I have to tell you though, as a public service, you're profoundly disinformed if you think they won't let you mum die in the waiting room. Please note, not -un-informed. -Dis-informed. As in purposefully mislead regarding the facts.

I assure you, they really will. It happens regularly. Weekly, in some locations. Funny how you've not heard about it, eh?

Anonymous said...

Phantom. You're not disagreeing with us, but us with you. You are disinforming yourself because of kinship with an affection for discredited capitalist ideology using reactionary rhetoric only so you can maintain our screed - cool, your site. But your sarcasm and name-calling, and inability to keep focus on content rather than personality, toss you into that pot of nut jobs that only live in the ether world. So I snark here and move on to the streets where it's really happening.

Alyric said...

I would have replied, Saml, but it seems the Phantom has already done so more successfully than I would have.

I will add, however, that when they let your mother die - sitting on the floor of the hallway to the waiting room, because the waiting room is full - they'll just step over, walk around, and ignore her corpse for hours. This happens regularly in England, for example.

So, you have that to look forward to.

The Phantom said...

Alyric, thanks for the support. You don't have to go all the way to England for dead grandmas lying in the hall for hours and hours. Toronto hospitals have lots of these.

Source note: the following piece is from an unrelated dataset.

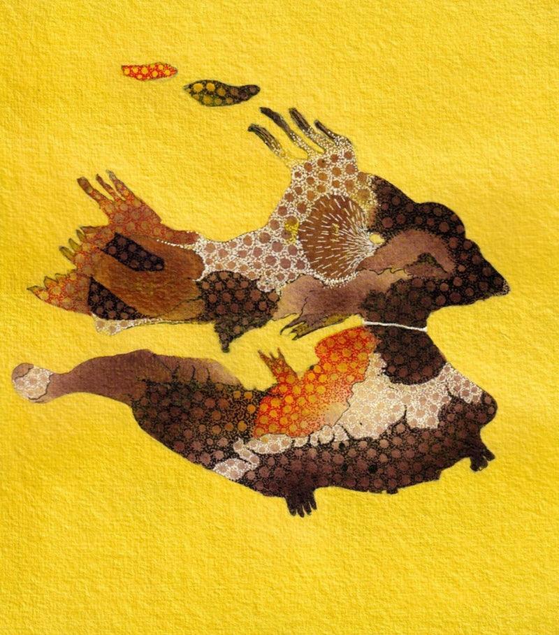 This abstract artwork evokes a sense of flight and movement. The artist has used a combination of washes, drips, and splatters to create a dynamic composition with fluid shapes and contrasting textures. The vibrant yellow background provides a striking contrast to the black and orange ink, creating a sense of energy and dynamism.

Sometimes Grandma buys it in the ambulance which has been sitting in the hospital parking lot for a while, and she just stays there through a shift change until the new crew finds her stiff as a boot.

The Phantom said...

Anonymous said: "You are disinforming yourself because of kinship with an affection for discredited capitalist ideology using reactionary rhetoric only so you can maintain our screed - cool, your site."

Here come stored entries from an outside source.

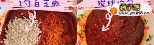 3再放进一勺白芝麻,然后混合均匀,这就是我们的酱汁了
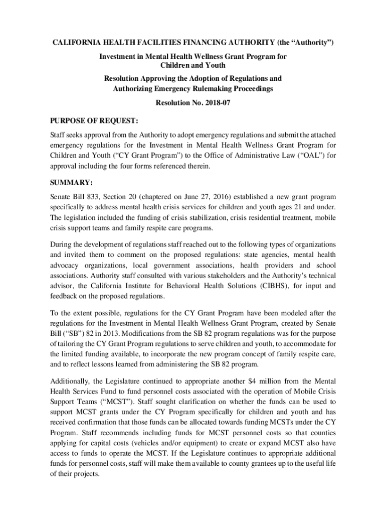 CALIFORNIA HEALTH FACILITIES FINANCING AUTHORITY (the Authority) Investment in Mental Health Wellness Grant Program for Children and Youth Resolution Approving the Adoption of Regulations and Authorizing
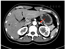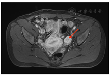 大多数NOS分泌激素,如雄激素、雌激素、皮质醇、醛固酮等[3],导致患者体内激素功能紊乱从而表现出相应的临床症状。55%~77%NOS分泌雄激素,此类患者常具有男性化特征,如多毛、痤疮、脱发、声音变粗、阴蒂肥大、闭经和不孕等[4]。大约6%~23%患者雌二醇分泌增多,表现为子宫内膜不规则出血和子宫内膜息肉,甚至一些患者还发展为子宫内膜癌[3,4]。也有患者出现皮质激素升高,如库欣综合征。还有少数患者可以表现为难治性高血压[5]、大量腹水及CA125升高[6]。NOS常呈单侧、实性肿块[4]且可以发生在各个年龄段[7]。本例患者为中老年女性,病灶为卵巢单侧实性肿块,以高雄激素血症为主要临床表现,具体表现为脱发、阴蒂肥大、痤疮等,符合文献报道。

Kid, you should hunt down your high school English teachers and beat the shit out of them.

Borkti said...

Advice to my American comrades: make friends with some doctors. Friends get put to the front of the really big waiting list in Ontario. Little Adam didn't tell you that part, did he?

As to this assertion I have this real world, real time example: A friend in Hamilton, Ontario, whose Mum is in the middle stages of dementia has had no problem getting care for her. The family has had the same doctor for many years and that doctor has repeatedly moved mountains to get care for her older patients ( the Mum included ). I do not intend to pass judgement as to the appropriateness of this, just to make an observation.

Bork

The Phantom said...

Greetings, Invincible One. :)

Indeed, anecdotes like this are legion. Studies showing this effect are also numerous but fewer than anecdotes, since its pretty hard to get doctors to admit they favor friends and relations over "regular" patients.

The fact remains though, your best hope for getting advanced treatment in a timely fashion is to have a close relative who is a doc. Otherwise you're looking at a rationing system with big ugly teeth in it.